La presse avait avancé cette semaine une estimation d'un montant record de 10 milliards de francs suisses (8 milliards d'euros) d'amende à verser au fisc américain.
L'accord et ses dispositions financières sera dévoilé une fois que la loi qui l'inclut sera adoptée et entrera en vigueur, soit au le 1er juillet.
Le projet de loi ad-hoc sera discuté devant le Parlement suisse ces prochains jours. Il devra donner son feu vert sur cette base légale, sans connaître le détail des exigences américaines.
A plusieurs reprises mercredi, Mme Eveline Widmer-Schlumpf a indiqué qu'il s'agissait "d'un programme unilatéral américain, qui n'était susceptible d'aucune discussion", un accord à prendre ou à laisser.
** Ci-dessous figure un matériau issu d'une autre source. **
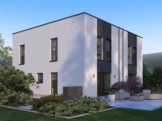 Purismus pur - dafür steht unser Doppelhaus 06. Allerdings spiegelt sich dieser Purismus nur in der schnörkellosen kubistischen Bauweise mit modernem Flachdach und symmetrischer Fassadengestaltung, n...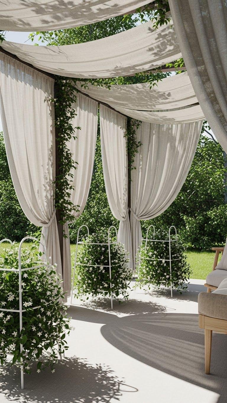 When you weave airy drapes and climbing vines through a pergola’s beams, the structure becomes a living room under the sky—soft fabrics filter sunlight and leafy tendrils trace shifting patterns of shade.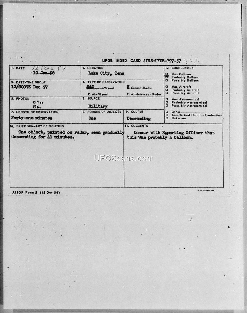 UFOB Index Card AISS-UFOB-797-57 and Associated Teletype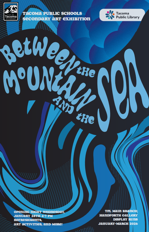 This year, Tacoma Public Schools is hosting our inaugural Secondary TPS Student Art Exhibit that will be on display at the Downtown Tacoma Public Libraryhttps://maps.app.goo.gl/MMULdHJo6Gxfrq8S7 in the Handforth Gallery from January 16th-March 27th 2026. The theme is “Between the Mountain and the Sea” and there is student work from 13 schools on display.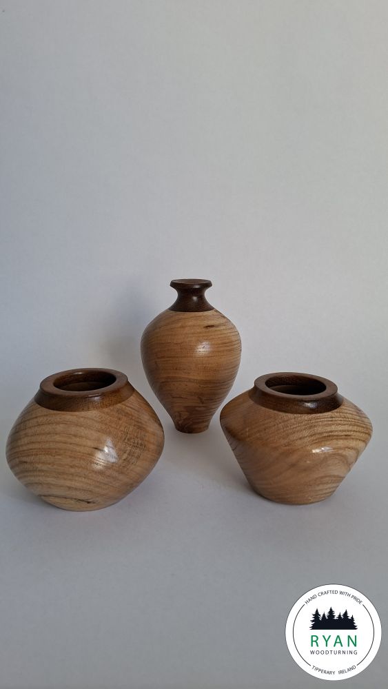 Set of three decorative Irish Ash vessels with Iroko wood rim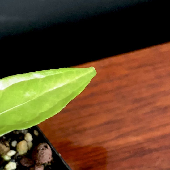 The Anthurium polyschistum is an unusual palmate aroid plant with a climbing habit. Its palm-like leaves show a distinct ruffled edge and will increase in size and number as the plant matures. This is an established propagation (clone) from a mature plant.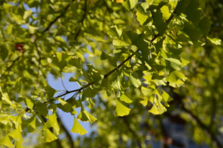 Ginkgo biloba green leaves on the tree. Ginkgo biloba tree leaves with sunbeams. healing. herbal medicine

La seule indication donnée mercredi par la ministre est que la facture risque d'être salée pour les banques suisses qui ont fait beaucoup d'affaires avec les clients américains non déclarés.
Pour elle, la Suisse n'aura cependant "rien à payer", et ce sont les banques concernées qui devront communiquer elles-mêmes sur leurs amendes.
Concrètement, l'accord donne un délai d'un an aux banques ayant des clients américains non déclarés d'accepter ou refuser les conditions américaines.
Si elles acceptent ces conditions, elles devront se plier à toutes leurs exigences, sans possibilités de négociations.
Pour Berne, l'accord "permettra aux banques, en collaboration avec le ministère américain de la justice, de négocier un règlement définitif du passé".
"La solution retenue permet de rétablir la paix juridique", indique encore Berne.
De son côté, l'Association patronale des banques en Suisse a indiqué que la solution "devrait apporter la sécurité juridique aux banques et à leurs clients".
Premier parti suisse, l'UDC (Union démocratique du centre, droite populiste) a réagi avec indignation mercredi à cette annonce, dénonçant une "capitulation" de Berne devant les exigences américaines.
"Les Américains dictent toutes les conditions", ajoute l'UDC, qui s'insurge contre ce projet de loi qui va être soumis au Parlement, sans que l'on en connaisse les principales dispositions pour les banques suisses.
Les Etats-Unis, ajoute l'UDC, "mènent une guerre économique contre la Suisse, qui aurait dû depuis longtemps repousser les chantages d'une administration américaine de gauche". Il est inacceptable, ajoute l'UDC, que l'Etat de droit suisse "soit sacrifié" et il est inacceptable "qu'avec la bénédiction du Parlement, les employés de banques et les chargés d'affaires des banques soient livrés à l'abattoir, alors qu'ils n'ont fait que remplir leurs obligations et respecté leur contrat de travail".
Un autre volet de l'accord, outre l'amende, concerne en effet la transmission à la justice américaine, des noms des employés de banques et des chargés d'affaires ayant eu affaire à ces clients américains.
C'est justement pour venir en aide à ces employés, qui pourraient être confrontés à de graves ennuis judiciaires aux Etats-Unis, que l'Association des banques en Suisse a décidé mercredi de créer un fonds spécial de soutien doté de 2,5 millions de francs suisses (2 millions d'euros).